The real hand print was prominently displayed at the Sun-Times Show, with a replica offered to the public as well so that fans could compare the size of their own hands to the Babe’s. Hundreds did in an unrelenting and picturesque genuflection at the Legendary booth all weekend long. For the record, his hands weren’t all that big, or at least not as big as you might expect from someone of such mythical stature.
But back to the proximity of Mr. Mint and the Mastro Collection. It wouldn’t be an exaggeration to suggest that the two were inextricably linked in the hobby for more than two decades, two iconic figures who did as much to promote and propel the industry as anyone. Try looking back at hobby history over that span without including the two men in your deliberations: it can’t be done.

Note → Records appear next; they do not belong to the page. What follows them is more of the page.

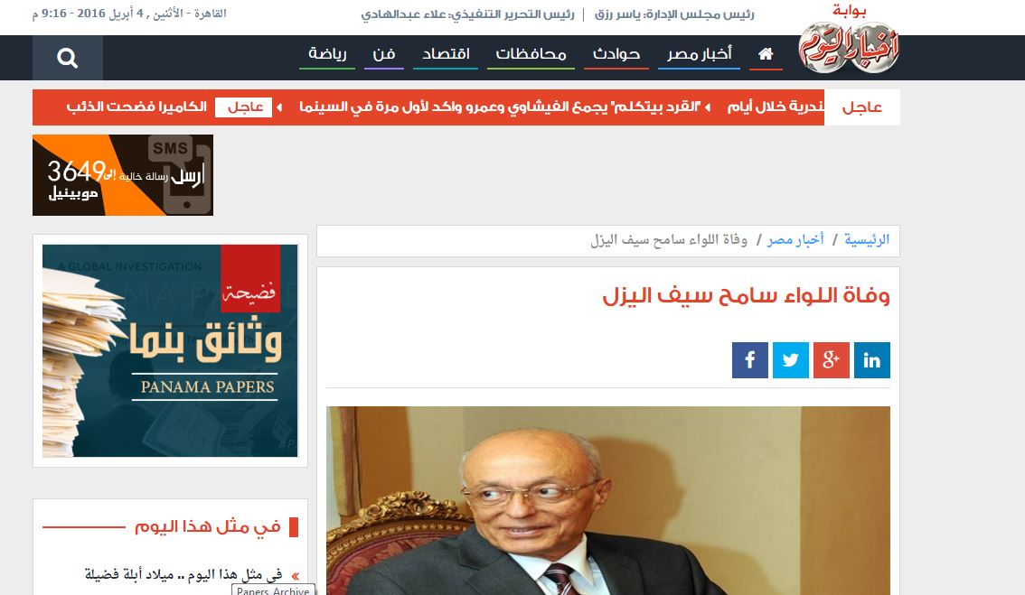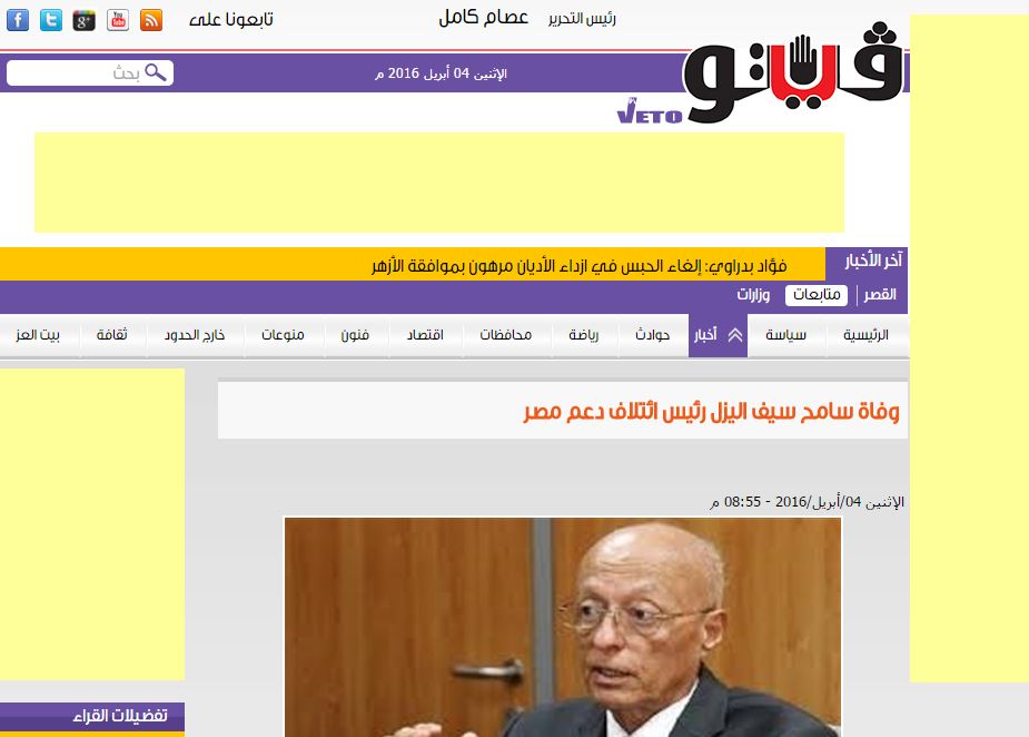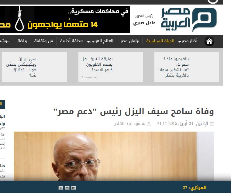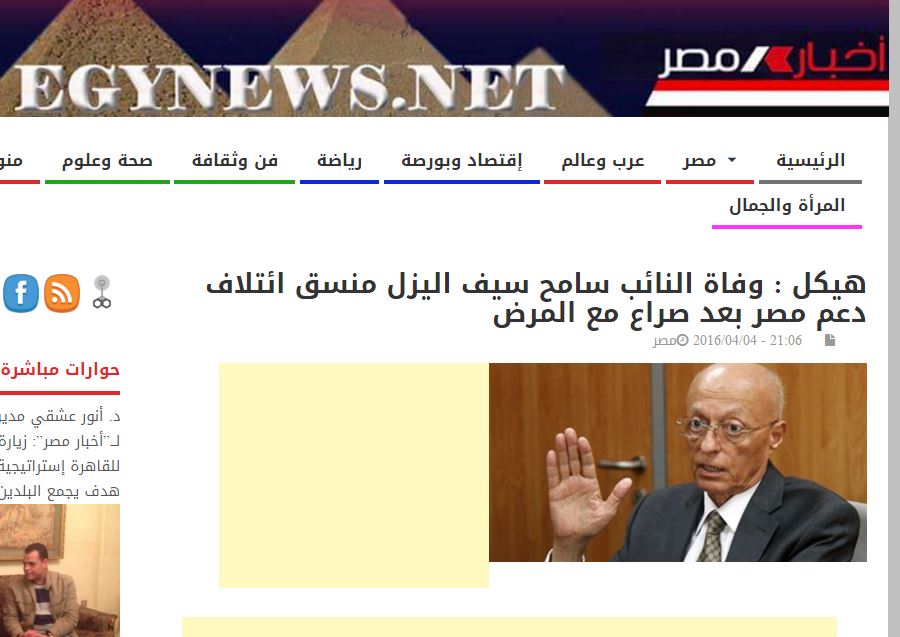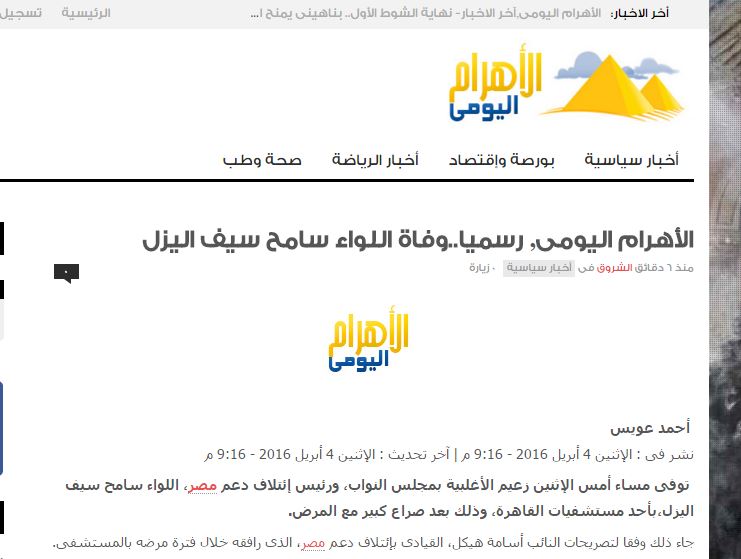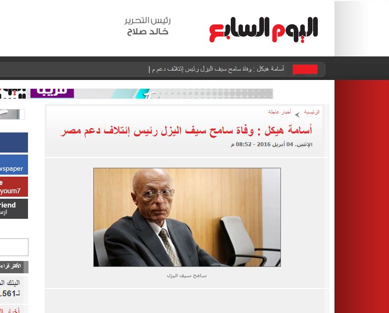 وفي ما يلي رصد لأبرز مانشتات الصحف والمواقع الإخبارية المصرية التي تناولت وفاة اللواء سامح سيف اليزل رئيس ائتلاف دعم مصر.
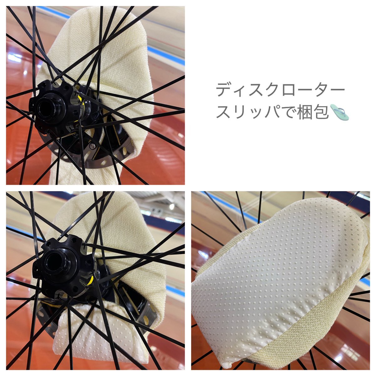 香港遠征に向けて準備中🇭🇰✈️ ディスクローターは 使わなくなったスリッパで梱包⑅⃛ 皆さんの輪行術もぜひ教えてください✨ #MAVIC #MAVICJAPAN pic.x.com/HgpsTddeXr
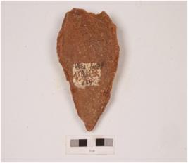 | Description / विवरण | A triangular shapedhand axe made on quartzite with a ridge on the dorsal irregular retouches on working edges and it is bifacial. |
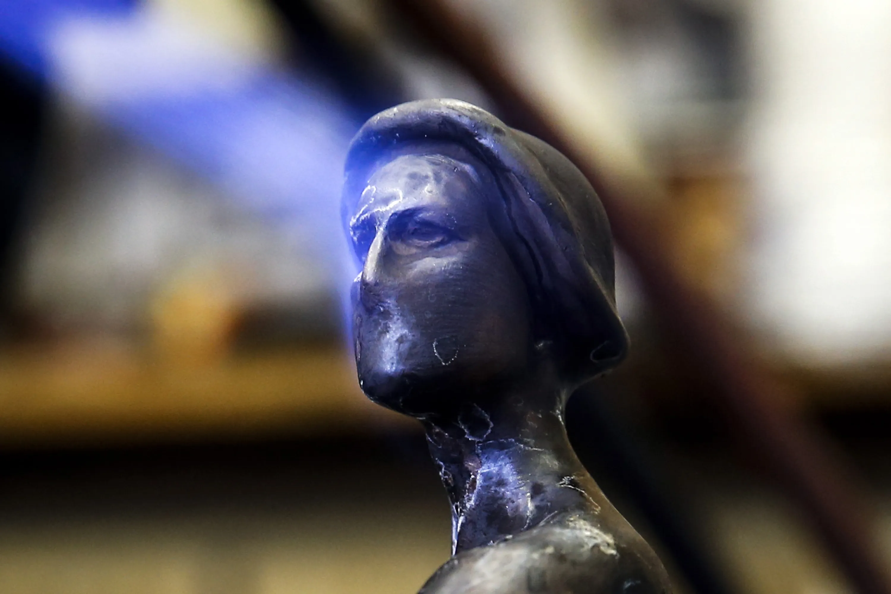 The face of “The Actor” statuette is heated with a torch as Patina artist Joaquin Quintero applies a formula of salts and acids on the bronze metal in order to create the patina coloring during a media event on the production of statuettes for the 21th annual Screen Actors Guild (SAG) Awards at American Fine Arts Foundry in Burbank, California January 13, 2015. (Photo by Patrick T. Fallon/Reuters)
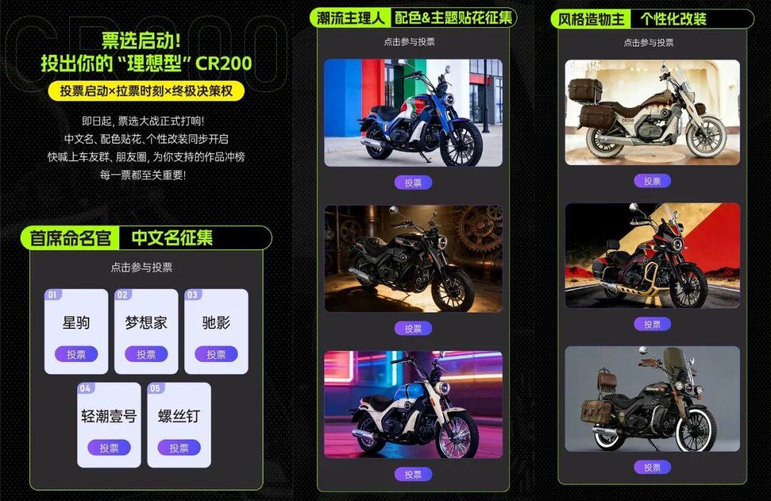 这次鑫源可谓是玩出了花,光配色的征集就多达 16 种,不论是运动元素、罗马印象、绘画艺术、甜蜜氛围、个性艺术、赛博朋克等等几乎满足所有不同“个性”需求的车友。除了配色的个性投票以外还带来了 5 种个性改装方案,包含日常实用、功能强化、做旧复古、视觉重构、摩旅属性等多方面的改装需求。
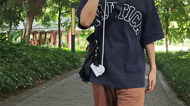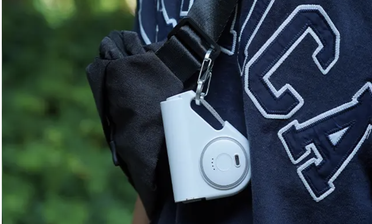 「PINSHO」は、フックを備えており、カバンやベルトに取り付けられる。これにより、移動中でも両手を自由に使え、通話中や他の作業をしていても充電できる。
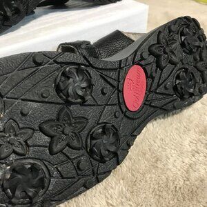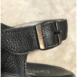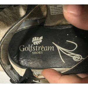 Golfstream Womens Black Leather Strappy Sandals Size 9M With Floral Sole Design
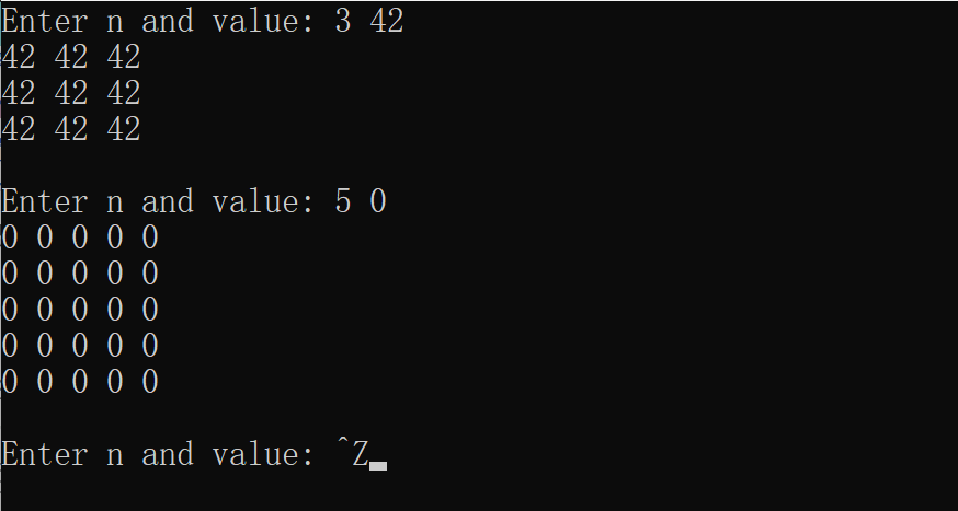 1 #include <stdio.h> 2 #define N 100 3 void output(int x[][N], int n); 4 void init(int x[][N], int n, int value); 5 int main() { 6 int x[N][N]; 7 int n, value; 8 9 while(printf("Enter n and value: "), scanf("%d%d", &n, &value) != EOF) { 10 init(x, n, value); 11 output(x, n); 12 printf("\n"); 13 } 14 return 0; 15 } 16 void output(int x[][N], int n) { 17 int i, j; 18 19 for(i = 0; i < n; ++i) { 20 for(j = 0; j < n; ++j) 21 printf("%d ", x[i][j]); 22 printf("\n"); 23 } 24 } 25 void init(int x[][N], int n, int value) { 26 int i, j; 27 28 for(i = 0; i < n; ++i) 29 for(j = 0; j < n; ++j) 30 x[i][j] = value; 31 }
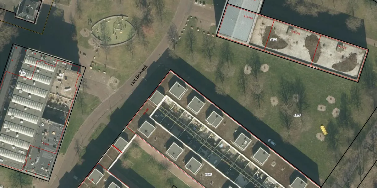Het perceel waarop Het Bolwerk 74 staat heeft een oppervlakte van 7706 m². Dit is een zeer groot perceel. De perceeloppervlakte wordt geregistreerd door het Kadaster. Gedetailleerde informatie over de maten van dit perceel kunt u vinden in het rapport Kadastrale kaart met maatvoering van Het Bolwerk 74.
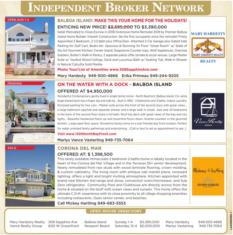 Mary Hardesty Realty 308 Sapphire Ave Balboa Island Sunday 1-4 $3,390,000 Mary Hardesty 949.500.4866 Vance Realty Group 600 W Oceanfront Newport Beach Saturday 12-4 $5,000,000 Marlys Vasterling 949.735.7064
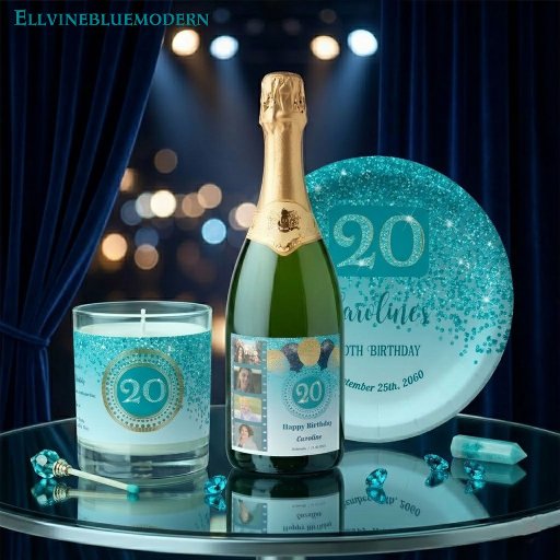 The sparkling Teal Blue Glitter wrapping paper, also features a unique Gold and Teal Blue Glitter, number 20, displayed on a modern plain circle, forming a charming wheel with Teal Blue dots and lines. Glitter Stripes with Teal Blue colors add a finishing touch to the celebration of her Twentieth Birthday.
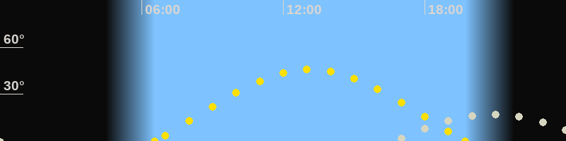 | Sonnenaufgang | 06:32 Uhr im Osten (αAz = 78.9°) |
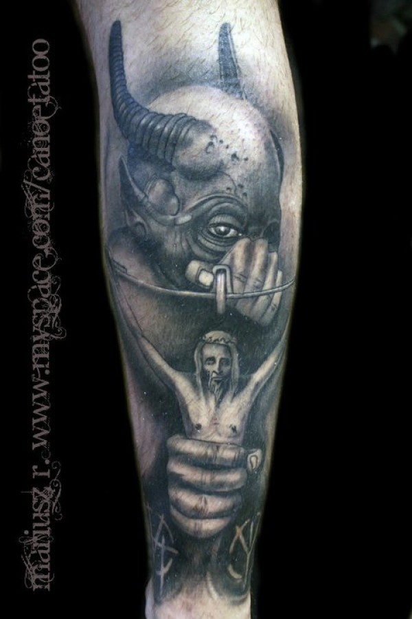 腿部经典另类的恶魔与耶稣纹身图案_宗教纹身图案大全_纹身图吧
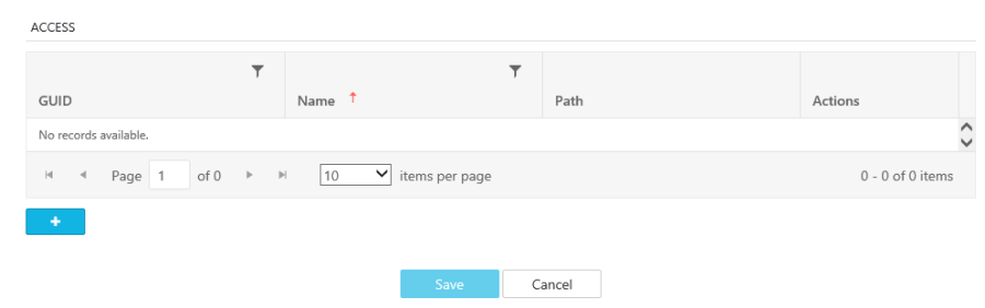 Accesses attributed to a storage visible right below the storage's general section. Users creating a storage must then specify or create an Access. A single storage may make use of multiple accesses so as to allow for different combinations (such as the access types). Clicking on the "Plus" button will redirect the user to the "Add Access" Page.
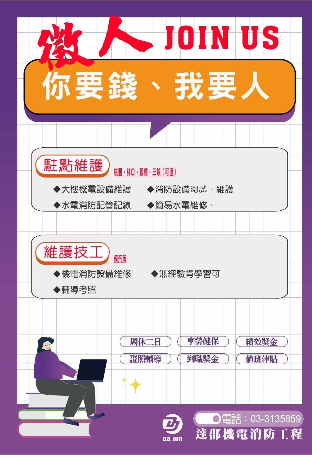 徵人 大樓駐點助理工程師 大樓機電消防設備維護 簡易水電維修 ......
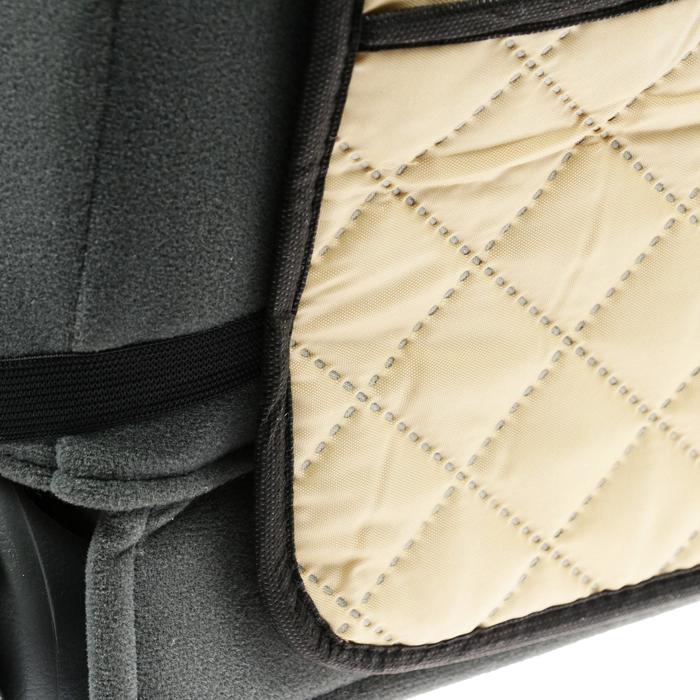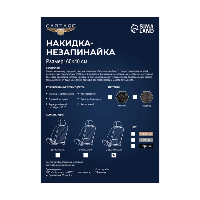 Накидка-незапинайка Cartage – это практичное и стильное решение для защиты спинки сиденья автомобиля от грязи, пыли и повреждений. Выполненная из высококачественного материала оксфорд, накидка обладает прочностью и износостойкостью, обеспечивая длительный срок службы. Размеры накидки составляют 40 см в ширину и 60 см в длину, что позволяет легко и быстро закрепить ее на спинке сиденья, не создавая помех при использовании ремней безопасности. Наличие кармана предоставляет дополнительное пространство для хранения мелких предметов или денег. Благодаря универсальному бежевому цвету накидка подходит для любого типа автомобиля и легко вписывается в интерьер салона.

At our SCD booth we were mostly displaying items from our own upcoming www.Collect.com Auction, along with distributing copies of our auction catalog and SCD. During the weekend a collector stopped by to show us a 1988 Frank Thomas Auburn jersey from the Sugar Bowl that he had brought to the show to be signed by the eventual Hall of Famer.
The affable Thomas was thrilled to see the jersey, so thrilled, in fact, that he did the collector a solid by autographing and dating the jersey along the number, and then upped the ante a bit by adding “Game Used” in his own hand. Now The Big Hurt wasn’t the only one who was thrilled.
In stark contrast to that, there was a bit of a kerfuffle Saturday (I’ve always wanted to try that word) when an autograph collector/dealer was flagged by PSA/DNA officials after presenting a signed Jim Brown jersey for the company’s on-site authentication service.
The on-site authentication service is designed for collectors to get their just-signed items immediately authenticated, but the PSA/DNA officials had concerns about the Brown jersey and promptly took it to the football Hall of Famer, who was signing for the public at that moment. According to witnesses, Brown disavowed the signature in question, and the individual was ejected from the show.
Elsewhere on the show floor, things were busy but largely uneventful. In recent years the dealer lineup of the show has changed a bit, with several veteran vintage dealers missing, sometimes after decades in the same location. At Sun-Times, just as at a handful of the other major regional shows, it was common to find favored dealers at the same location year-in and year-out, but the evolving nature of shows has probably strained even that concept a bit. That’s not a criticism, just an observation about the changing times.
Pete Ward and Ed Hermann, White Sox stars from earlier generations, were signing autographs on the main show floor for Unlimited.Autos.com, directly next to some colleagues from earlier eras that included Hall of Famers Ferguson Jenkins and Gaylord Perry and former Cub Bill Buckner. That august trio was signing on behalf of the Ferguson Jenkins Foundation,
Ward stopped by the SCD booth and talked about what a great time he had signing for the fans. “I even got a Bill Buckner autograph,” he said with a laugh, adding solemnly, “even though he was a Cub.” He added that he had got the signature for a golfing buddy from Washington state.
You know how that goes. When you ask for an autograph, it’s always for somebody else.